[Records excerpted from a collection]
::::::::

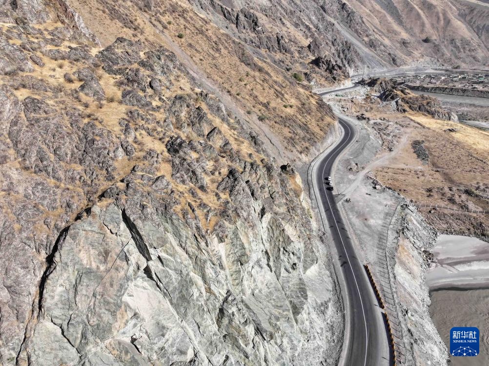 這是9月11日在塔吉克斯坦卡拉依洪姆村附近拍攝的中塔公路二期路段(無人機(jī)照片)。
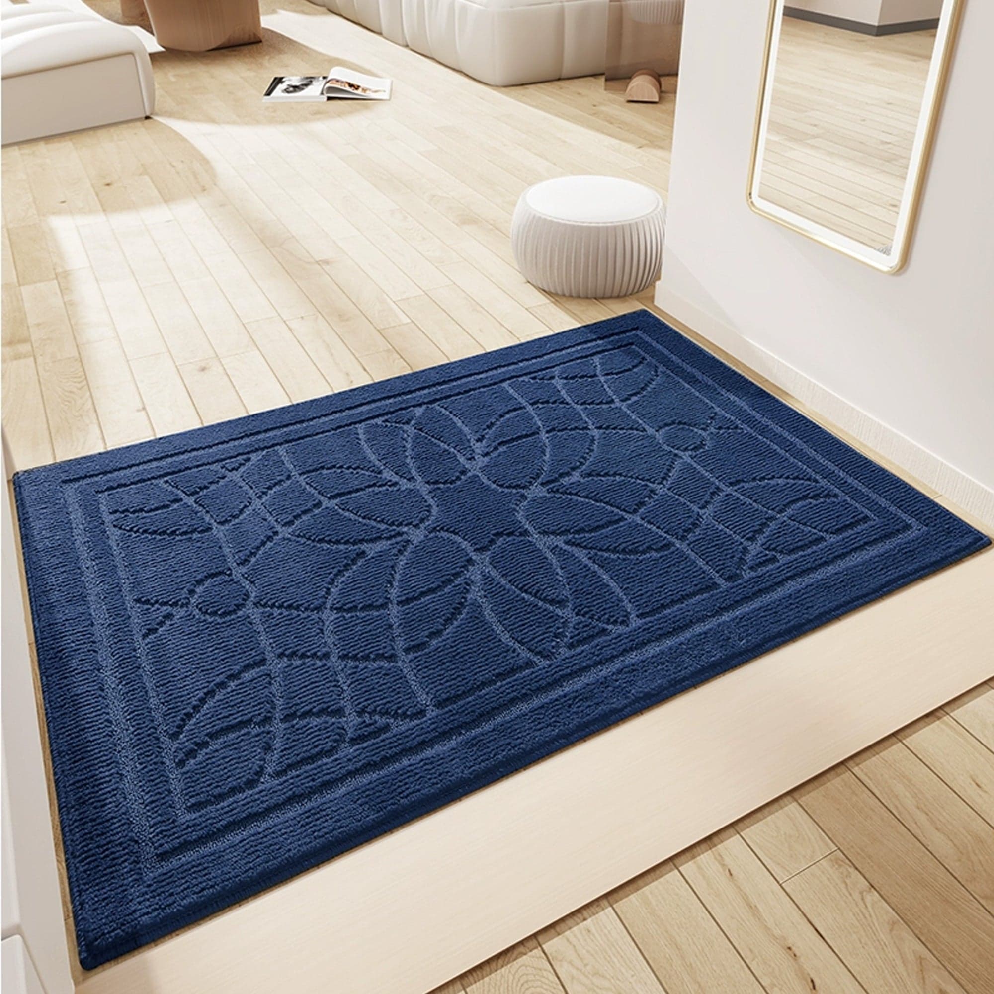 Slashop Easy Clean Rug Modern Embossed Floral Durable Non-Slip Pet-Friendly Indoor Area Outdoor Doormat - Indigo Twilight
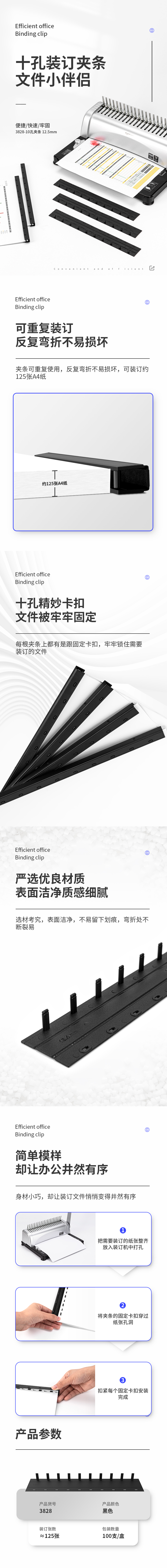 得力 10孔装订夹条 3828 黑色 300*12.5mm 100支 1盒
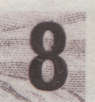 Here you can clearly see the additional outline along the left outside edge of the "8" and the right inside edges. It is quite a scarce and sought after variety. As best I can tell, it can exist on all paper and gum types, as well as all shades. A separate study devoted to this variety would help confirm whether there are some varieties that it does not exist with, or if others predominate the mix.
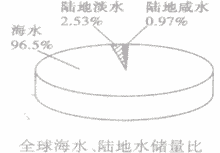 ①水在地球上分布很廣,地球上的海洋水、湖泊水、河流水、地下水、大氣水和生物水等各種形態(tài)的水總儲量約為1.39×1018m3。地球表面的70.8%被水覆蓋。其中海洋水約占全球總儲水址的96.5%。
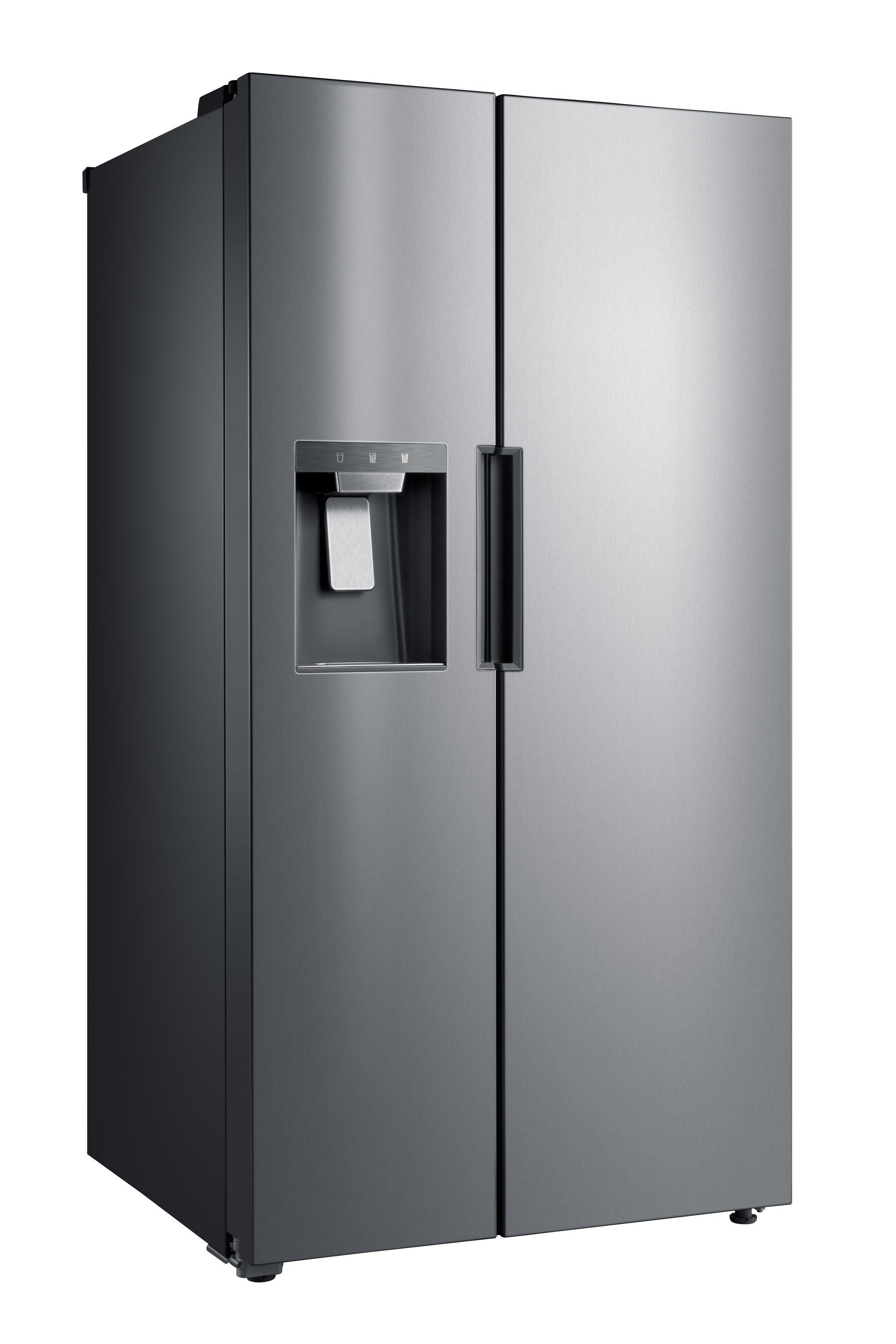 The Midea 26.3-cu ft side-by-side refrigerator with ice maker (stainless steel) has a large but organized capacity to keep your favorite refrigerated and frozen foods fresh. This side-by-side refrigerator features an easily accessible door dispenser that delivers fresh filtered water and cubed or crushed ice. This refrigerator also has premium glass shelves to help you easily find everything and easily clean the shelves. The elegant LED lighting provides maximum visibility while consuming less energy. The stainless steel finish with the pocket handle and hidden hinges gives this refrigerator a sleek modern look that would add the perfect touch to your kitchen decor!

::::::::

What is being asked. For this exercise, transcribe the data exactly but without its pictures.

Output.
 這是9月11日在塔吉克斯坦卡拉依洪姆村附近拍攝的中塔公路二期路段(無人機(jī)照片)。
 Slashop Easy Clean Rug Modern Embossed Floral Durable Non-Slip Pet-Friendly Indoor Area Outdoor Doormat - Indigo Twilight
 得力 10孔装订夹条 3828 黑色 300*12.5mm 100支 1盒
 Here you can clearly see the additional outline along the left outside edge of the "8" and the right inside edges. It is quite a scarce and sought after variety. As best I can tell, it can exist on all paper and gum types, as well as all shades. A separate study devoted to this variety would help confirm whether there are some varieties that it does not exist with, or if others predominate the mix.
 ①水在地球上分布很廣,地球上的海洋水、湖泊水、河流水、地下水、大氣水和生物水等各種形態(tài)的水總儲量約為1.39×1018m3。地球表面的70.8%被水覆蓋。其中海洋水約占全球總儲水址的96.5%。
 The Midea 26.3-cu ft side-by-side refrigerator with ice maker (stainless steel) has a large but organized capacity to keep your favorite refrigerated and frozen foods fresh. This side-by-side refrigerator features an easily accessible door dispenser that delivers fresh filtered water and cubed or crushed ice. This refrigerator also has premium glass shelves to help you easily find everything and easily clean the shelves. The elegant LED lighting provides maximum visibility while consuming less energy. The stainless steel finish with the pocket handle and hidden hinges gives this refrigerator a sleek modern look that would add the perfect touch to your kitchen decor!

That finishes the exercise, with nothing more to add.